On voulait faire le pari de (re)présenter Christine sans évoquer John Carpenter, Carpenter Brut, la French Touch et les films gore des années 80 : autant admettre que c’est raté. Une fois ce name-dropping effectué, il est bon d’aller au coeur du sujet : Christine est de retour avec pour unique passager son fondateur initial, Nicolas Lerille, producteur rouennais et big boss du label Mouton Noir Records.

Avec ce deuxième album intitulé Echoes From Dawn, c’est avant tout une continuité qui se dessine. Si l’on peut lui reconnaître des couleurs plus froides et une ambiance résolument plus solennelle, voire mystique – comparé à son grand frère Atom From Heart paru en 2017 – il y est toujours question de synthwave angoissée sur fond d’images cinématographiques et brumeuses.
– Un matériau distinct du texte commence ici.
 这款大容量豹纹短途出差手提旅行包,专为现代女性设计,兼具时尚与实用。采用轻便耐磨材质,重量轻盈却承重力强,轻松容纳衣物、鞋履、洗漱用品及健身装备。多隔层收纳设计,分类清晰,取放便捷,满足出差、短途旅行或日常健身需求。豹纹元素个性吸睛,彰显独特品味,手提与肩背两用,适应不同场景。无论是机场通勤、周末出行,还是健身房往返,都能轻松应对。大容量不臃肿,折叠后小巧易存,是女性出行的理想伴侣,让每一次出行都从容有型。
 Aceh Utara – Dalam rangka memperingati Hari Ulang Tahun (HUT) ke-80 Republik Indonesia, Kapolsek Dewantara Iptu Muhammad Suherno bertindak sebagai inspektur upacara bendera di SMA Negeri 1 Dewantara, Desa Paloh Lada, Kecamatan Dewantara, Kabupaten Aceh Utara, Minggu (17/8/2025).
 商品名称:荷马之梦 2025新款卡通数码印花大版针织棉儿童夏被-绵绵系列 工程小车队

Des morceaux comme “Fallen Hopes” et “Echoes From Dawn” démontrent en tout cas que Nicolas Lerille n’a besoin de personne en Harley Davidson pour se sentir à l’aise à bord de sa Plymouth possédée. Il n’empêche qu’il a laissé une place de choix à divers featurings avec Le Spectre, Plaisirs ou Zadig pour ne citer qu’eux. On a rencontré Christine pour lui poser quelques questions à propos de ce nouveau virage en solo.
 


 

Le Bombardier : Est-ce que le fait de défendre Christine seul a changé ta vision de ce projet?
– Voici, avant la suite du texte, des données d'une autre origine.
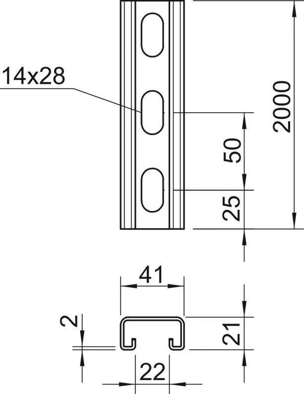Heavy-duty C profile rail for individual installation of support constructions, e.g. for cable trays or as a panel for switchgear cabinets. Can also be used for cable routing, in conjunction with clamp clips with a U foot.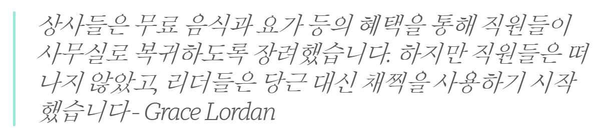 런던 정경대학의 행동과학 부교수인 그레이스 로던은 "이전에는 상사들이 무료 음식이나 요가 같은 혜택을 통해 직원들이 사무실로 복귀하도록 인센티브를 제공했습니다."라고 말합니다. "직원들이 떠나지 않자 리더들은 당근을 채찍으로 바꾸기 시작했습니다."

Nicolas Lerille : Quelque part oui. C’est un projet qui a toujours été en duo dont je suis le créateur et le principal impliqué. J’ai toujours aimé le confort d’être à deux, sur la route, pour réfléchir, brainstormer, travailler les différents aspects artistiques du projet. Et finalement depuis quelques mois je me suis accaparé mon projet. J’ai peut-être mûri aussi. Même sur scène, je me sens presque mieux tout seul. Il me manque juste un copain pour tourner mais j’ai Hélène maintenant, mon ingé light! Ça permet aussi d’intégrer réellement une personne à la technique, ce qui n’est pas toujours facile lorsqu’il y a plusieurs cachets à faire. Avec deux cachets, on arrive tout de même à vendre le show suffisamment bien pour payer les frais annexes.
 

En terme de composition, tu as fait des collaborations sur ce deuxième album, est-ce qu’elles étaient totalement indispensables pour toi ou tu aurais pu le composer tout seul?
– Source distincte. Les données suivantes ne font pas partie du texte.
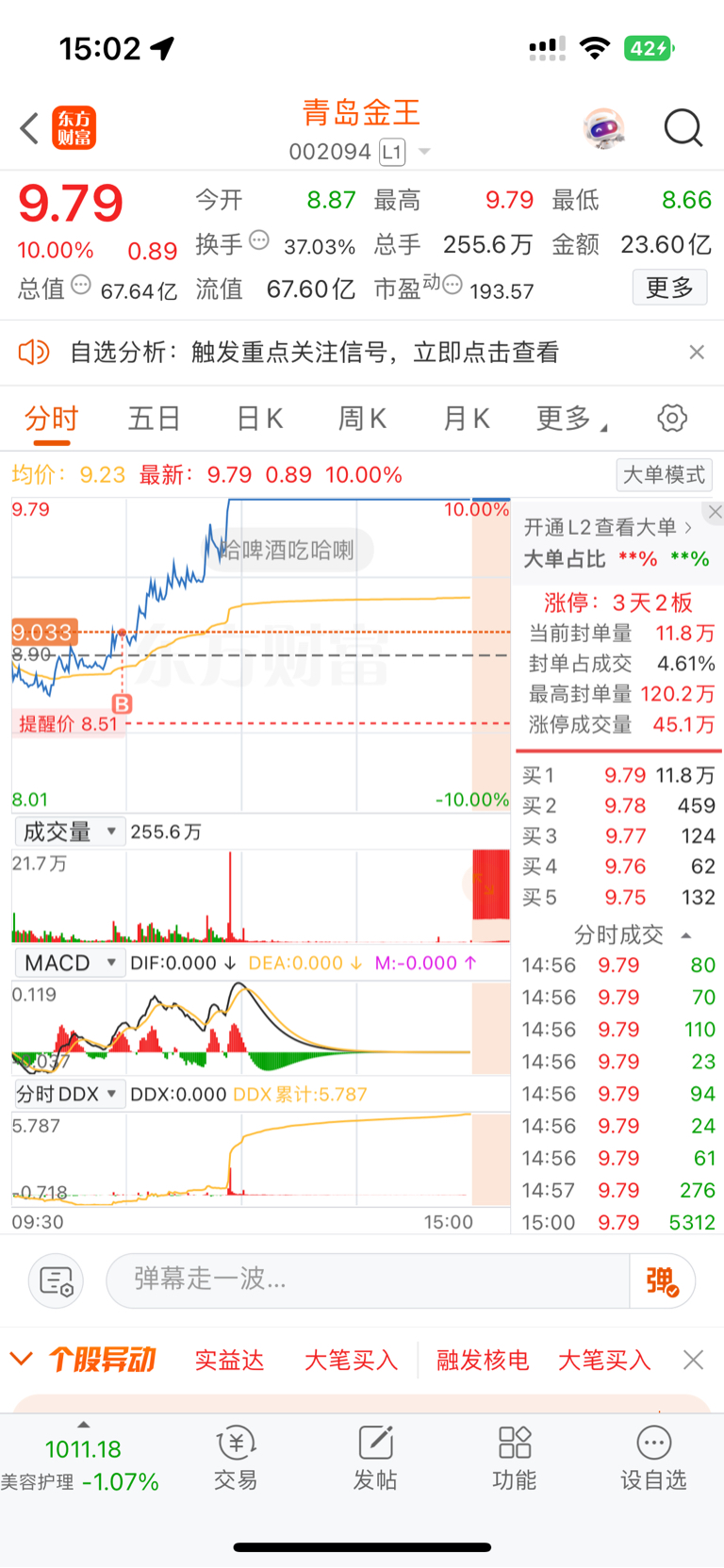 $青岛金王(SZ002094)$ 昨天出利好,早盘水下拉红,买了点,希望明天有溢价!
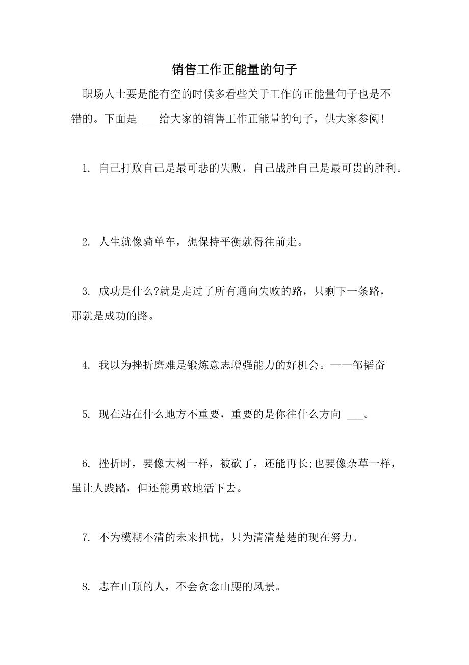 2019年7月8日只剩下一条路,那就是成功的路,那些正能量的句子,正能量句子,关于正能量 相信自己,所有皆有可能 2 热爱工作,投身事业,在这一过程中,抑制私心。2017年4月14日下面是学习啦小编整理的工作正能量的句子简短的内容,希望能够帮到您 工作正能量的句子简短流行 1 不管现在。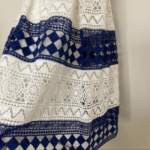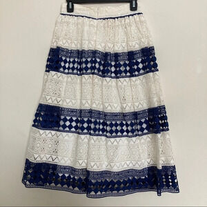 Philosophy di Lorenzo Serafini Lace Midi Skirt Sz 4 Cream/Navy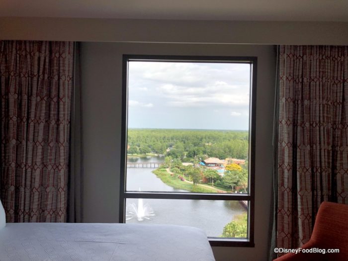 Don’t forget the room’s best feature, though. In this shot out the window, you can see the resort’s main Dig Site pool area.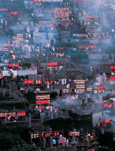 墓には提灯が立てられ、爆竹や花火でにぎやかになるのが長崎のお盆です。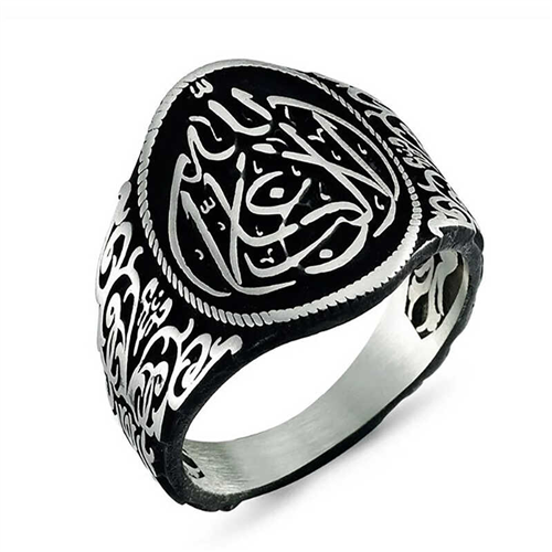 Silver La Galiba İllallah Written Men's Ring The La Galiba illallah men's ring model on silver is a stylish accessory that you can use at any time of the day. The phrase "La Galibe İllallah" is in the 21st verse of Surah Yusuf. The expression "La Galibe İllâllah" means "There is no winner but Allah." In verse 21 of Surah Yusuf, Allah says: " ...Allah is the victorious one in all His affairs, but most of the people do not know." Based on this verse, the statement "There is no winner but Allah." It is said that no matter how far the world has come or how successful it is, the true winner is Allah. Its spirituality is very deep and truly motivating. Everyone leaves, everything collapses, but the truth is unique. Even if you are not aware of it, It does not change. You can gift this ring to yourself or your loved ones on your birthday, Father's Day, or any special occasion. The men's ring with the inscription "La bence illallah" is made of 925 sterling silver. The silver is oxidized. Oxidized silver men's rings preserve their shine for a long time. Like all men's rings, the silver men's ring with the inscription "La illallah" is also handmade. Due to silver and precious stones, there may be a ±10% deviation from the average product weight.Width: 2.40 cmLength: 2.60 cmAverage Weight: 9 g.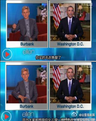 米嫂出门了,留守老公奥巴马连线艾伦秀时表示:整个白宫都荒掉了,女儿们不爱理他,奥君很伤心。而艾伦的奥斯卡自拍破了他的推特转发记录,也让总统先生不开心。艾伦说到奥巴马之前逛Gap引发了类似的中国“庆丰包子铺”效应,他为女儿挑选的毛衣脱销了,因为大家都想跟他女儿穿一样的毛衣......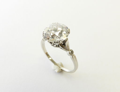Using the high end photography on their sites you can review diamonds up close before purchasing. Cut is the next important and also how jewelry stores trick you the most. This picture is of a 4 carat vintage engagement ring on a finger.

Je pense que c’était quand même indispensable. On peut faire des morceaux et un album tout seul. Un album, c’est un travail qui est tellement intense et prenant que le faire tout seul m’a permis de choisir les gens avec qui je voulais travailler et avec qui j’avais des feelings personnels. J’aime bien ce concept et je pense le continuer.
 

Ça te permet aussi de mettre en lumière certains artistes un peu moins connus?

Oui, qui méritent d’être davantage découverts, notamment Le Spectre qui est génial. Les machines pour lui, c’est légion. Museau aussi, qui est une artiste de Rouen qui débute et avec qui je m’entends super bien. Avec elle c’est toujours un peu déconnant et elle me pousse toujours à faire des trucs pas très sérieux. A chaque fois, il y a une énergie qui est différente et ça permet de mélanger les styles. Par exemple avec Zadig qui est un artiste avec qui je partage mon studio depuis trois ans : on se côtoie, on s’apprécie beaucoup alors qu’on est dans deux univers relativement différents. Il est très techno berlinoise. On a un peu mélangé nos univers pour faire notre collaboration et on est très contents du résultat.
 

Il y a des collabs qui n’ont pas pu se faire?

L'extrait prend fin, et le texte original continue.